DATASET SECTION below:

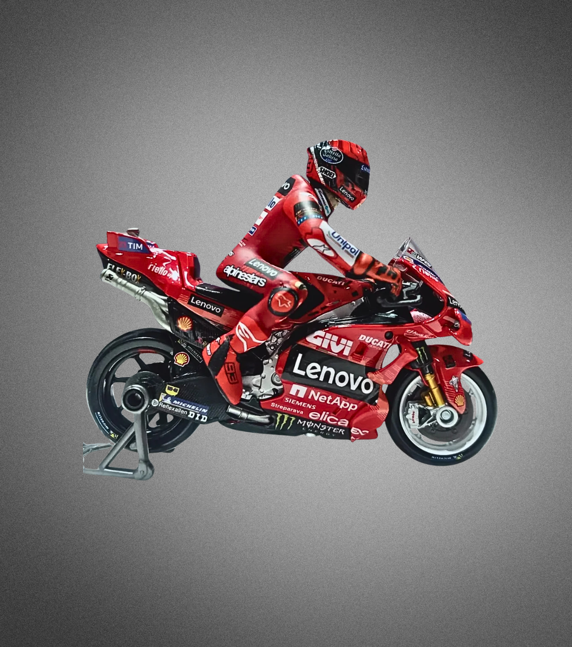 Precise replica of the 2025 Ducati Desmo GP25 with official Ducati Lenovo Team livery.
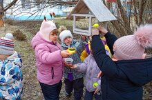 В детском саду ежегодно дети помогают птичкам, кормят их вкусными зернышками, тем самым прививая детям любовь ко всему живому.
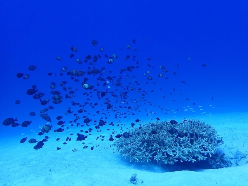 1本目:水納島(ジャイアントケーブル 南) 風速:北西5m 波:0.2m 透明度35m 水温:29℃ 流れ:下げ1
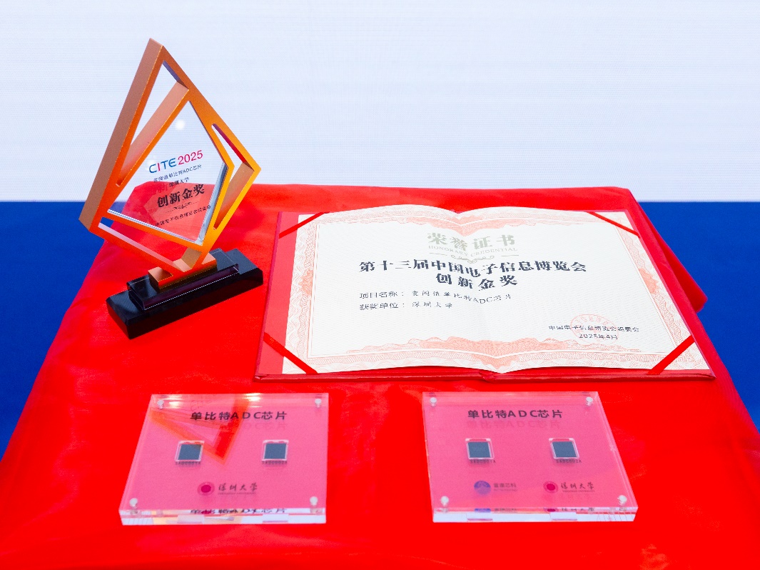 本届CITE2025,深圳大学黄磊教授团队携变阈值单比特芯片及相关产品亮相博览会,凭借其技术上的突破性创新,与联发科技、TCL华星光电、中国长城科技集团等知名企业一同成功斩获第13届电子信息博览会创新金奖,彰显“中国智造”硬实力。

End of DATASET SECTION.

» TRY IT: Repeat all of the material above exactly, leaving out pictures.

» SOLUTION:
 Precise replica of the 2025 Ducati Desmo GP25 with official Ducati Lenovo Team livery.
 В детском саду ежегодно дети помогают птичкам, кормят их вкусными зернышками, тем самым прививая детям любовь ко всему живому.
 1本目:水納島(ジャイアントケーブル 南) 風速:北西5m 波:0.2m 透明度35m 水温:29℃ 流れ:下げ1
 本届CITE2025,深圳大学黄磊教授团队携变阈值单比特芯片及相关产品亮相博览会,凭借其技术上的突破性创新,与联发科技、TCL华星光电、中国长城科技集团等知名企业一同成功斩获第13届电子信息博览会创新金奖,彰显“中国智造”硬实力。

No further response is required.